In questo senso, e anche se all’inizio potrebbe venire voglia di sentirsi un po’ infastiditi da questa pischella che non fa veramente mai quello che le si dice (fa un po’ l’effetto “bambino che urla al ristorante”), con l’andare dei minuti è difficile non farsi trascinare dal suo entusiasmo e, subito dopo, dal desiderio di proteggere una testolina così brillante dalle angherie di bulli e ignoranti di ogni forma. Perché ovviamente Hilde, proprio nel suo cercare la verità ad ogni costo, si allontana con feroce determinazione dall’idea di bambina carina e zittina che ubbidisce a mamma e papà, preferendo farsi odiare da tutti piuttosto che rinunciare a ciò che crede giusto.
Né ci si dimentica, fortunatamente, che per quanto romanzato sia il suo carattere e la sua determinazione (ha pur sempre nove anni), ci sono alcuni frangenti (come il rapporto con il padre) dove anche la rocciosa Hilde può mostrare fragilità e smarrimento, dettagli che permettono di dare al personaggio uno spessore più a tutto tondo.

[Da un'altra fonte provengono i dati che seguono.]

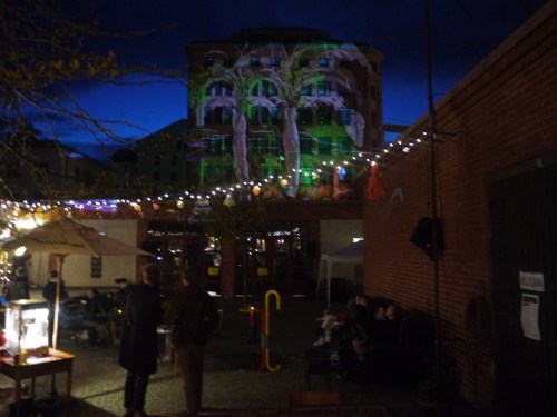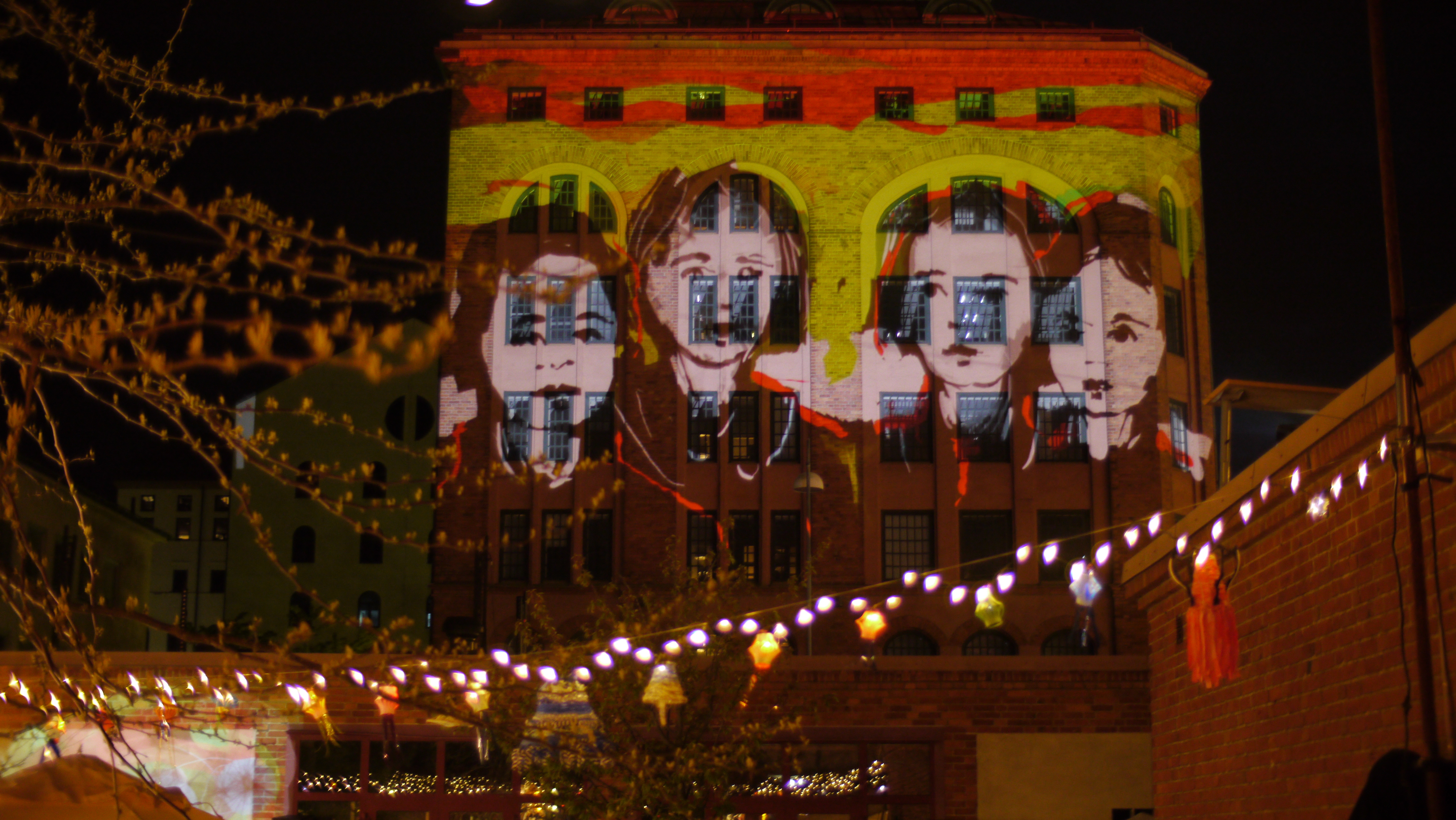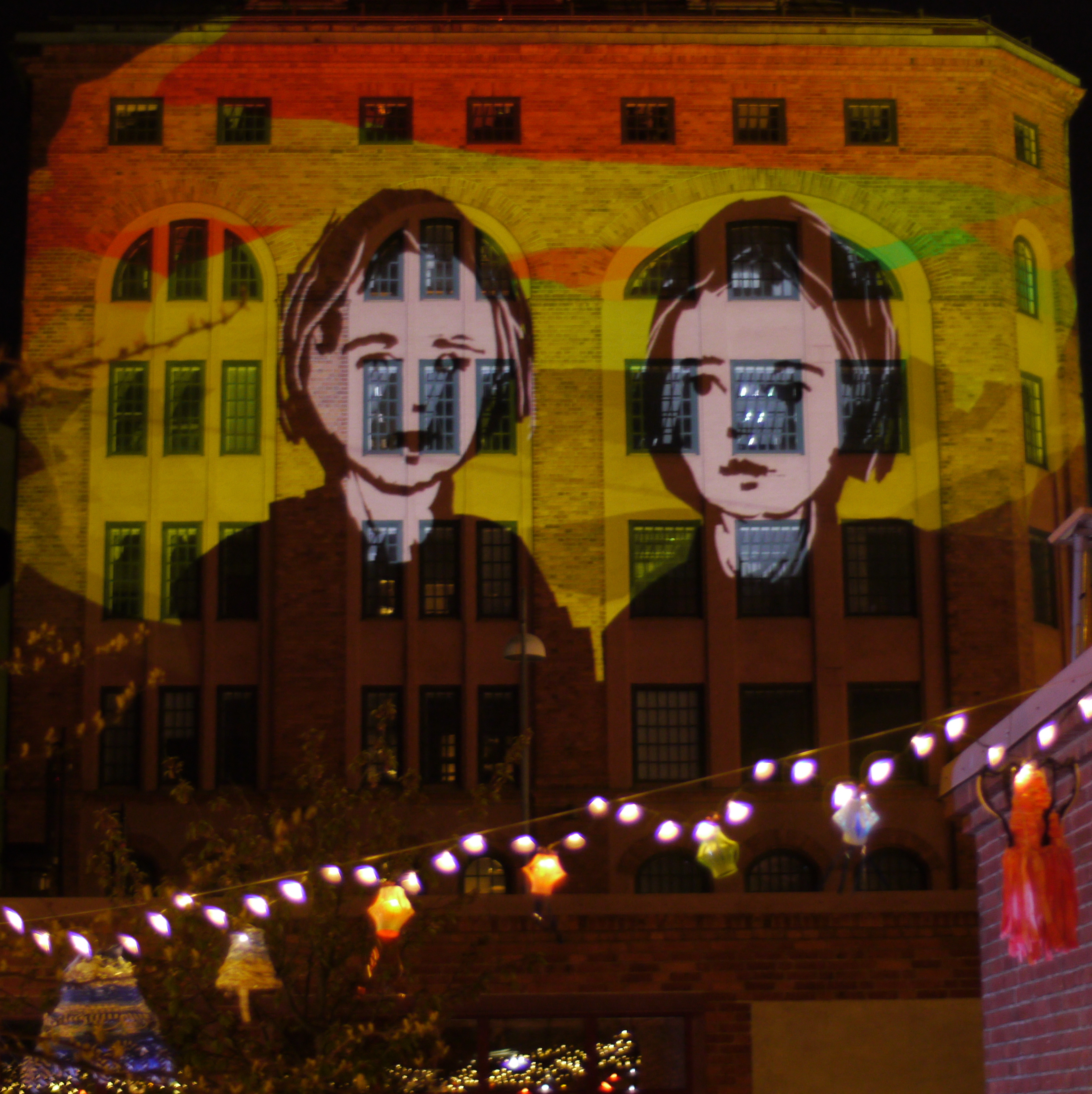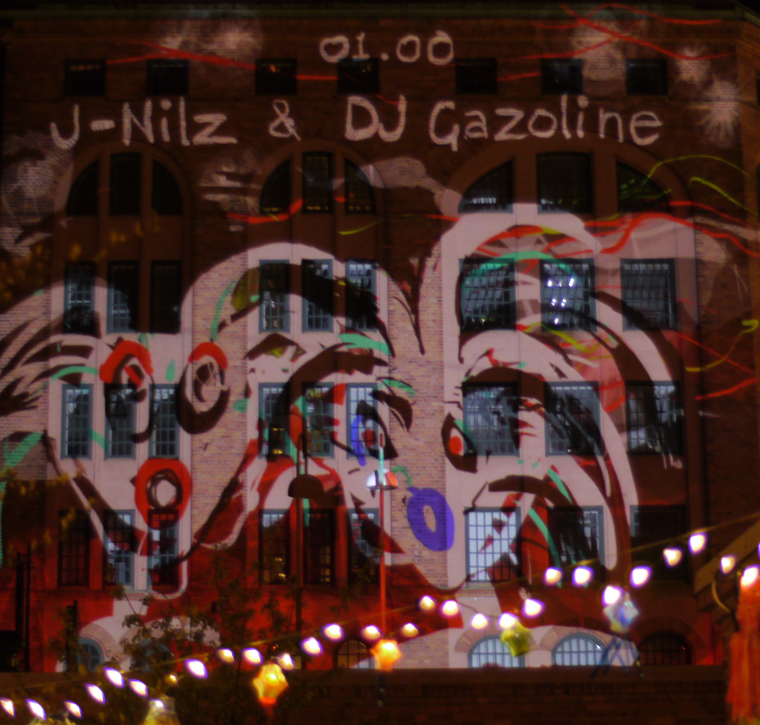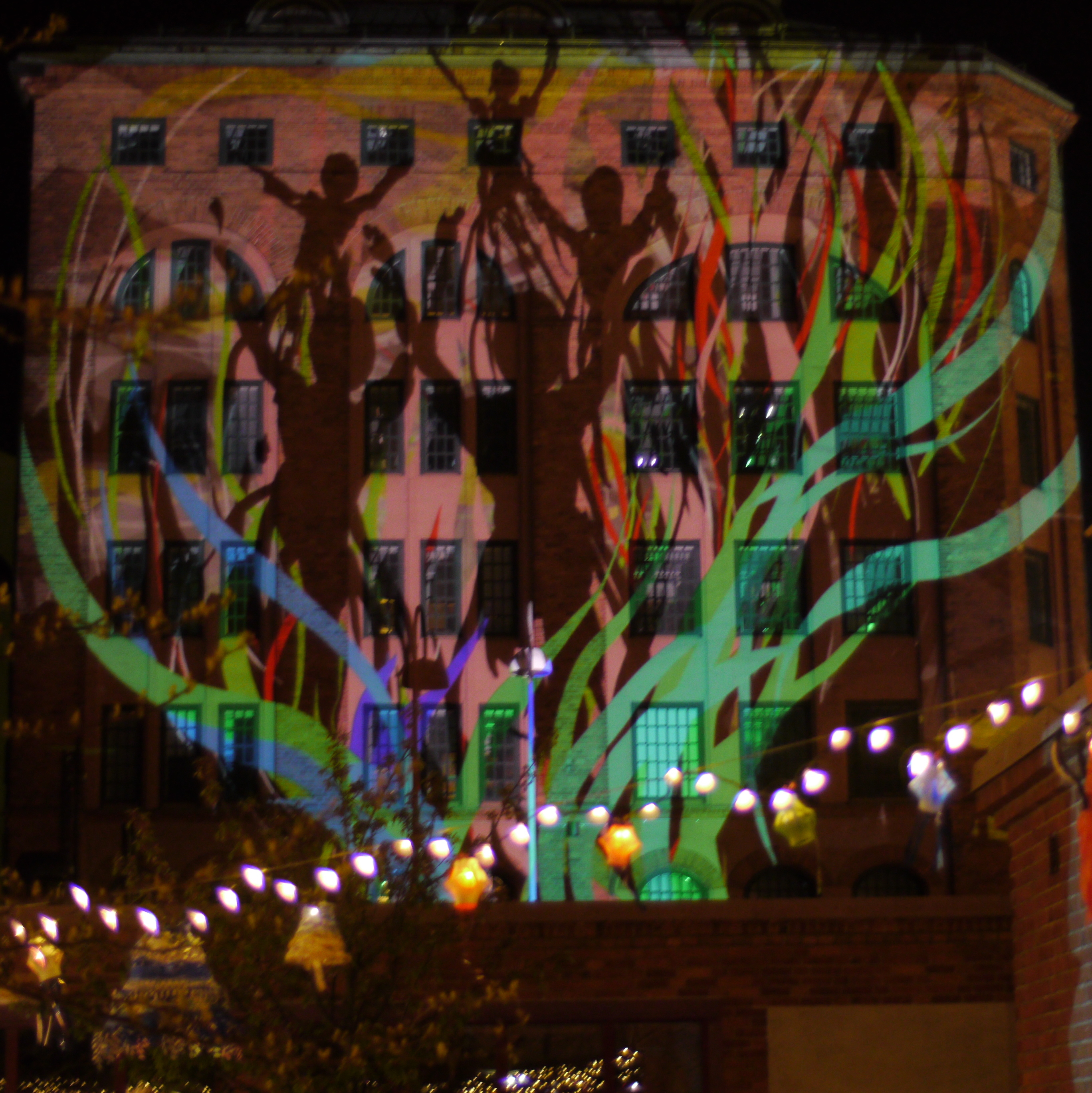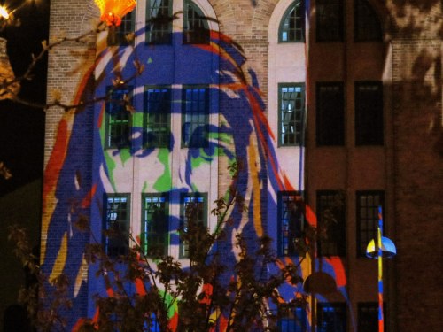 My Tagtool was in the courtyard and I was drawing onto the building overlooking Barbacka – quite a long projection distance. This building presented some quite difficult drawing problems, as the brickwork was dark red and there were lots of windows. However, by prior arrangement, the lighting on the building and street lamp outside had been turned off (which helped a lot) and our big Epson projector gave good clear images, even before it was completely dark. As the photos above show, in the courtyard there was a very festive atmosphere with lots of coloured lanterns which were made by students in the Barbacka workshop.

Il pilot di Home Before Dark è quasi perfetto, nel suo genere, perché incasella tutte le informazioni nel modo più corretto e fluido, facendoci conoscere tutti i personaggi principali, introducendoci alle questioni più importanti, e dando il giusto peso all’eccezionalità della protagonista.
Gli episodi successivi non sono sempre alla stessa all’altezza, qui è là c’è qualche lungaggine di troppo, e i pesi compositivi non sono sempre calibrati al millimetro (vedere per esempio nel terzo episodio la risoluzione di un caso importante collegato indirettamente alla trama principale, un evento che in quel momento ha un peso molto grosso, ma che poi suona strano nel resto della narrazione, come se fosse arrivato troppo presto per stupire nel modo giusto).
Soprattutto, è facile rendersi conto in modo troppo vistoso di come tutta la serie si regga esclusivamente su Hilde, senza la quale Home Before Dark non riuscirebbe ad aggiungere granché, in termini di struttura del racconto e messa in scena, a ciò che abbiamo già visto in tanti altri mystery simili (se si escludono alcune ricostruzioni grafiche dell’indagine, costruite con un accattivamente stile grafico in linea con l’età della protagonista).
Ma in fondo Hilde c’è, il senso è proprio quello, e la serie, pur senza diventare una bomba totale, riesce in ogni episodio a rinfrescare il desiderio di vedere come andrà a finire.
Che voglio dire, non è mica poco.

PS Mi rendo conto di aver scritto un titolo con dentro le parole “Veronica Mars”, senza mai citarla nell’articolo. In realtà il paragone può essere fatto più che altro per il concetto di “detective più giovane del previsto”, perché i toni di Home Before Dark sono un po’ diversi, meno sarcastici e borderline. Però il sospetto è che Hilde, passata la pubertà e aggiunta alla sua vita una prurigine liceale che Kristen Bell viveva quotidianamente, potrebbe non essere poi così diversa dalla mitica investigatrice di Neptune.

Perché seguire Home Before Dark: perché è un mystery molto classico ma ben costruito, con l’interessante aggiunta di un’investigatrice bambina per la quale è difficile non fare il tifo.
Perché mollare Home Before Dark: se ci tenete molto a che le vostre detection televisive siano il più possibile realistiche, beh, qui ci sono omicidi vecchi di decenni risolti da una bambina di nove anni. Proprio “realistica”, non è.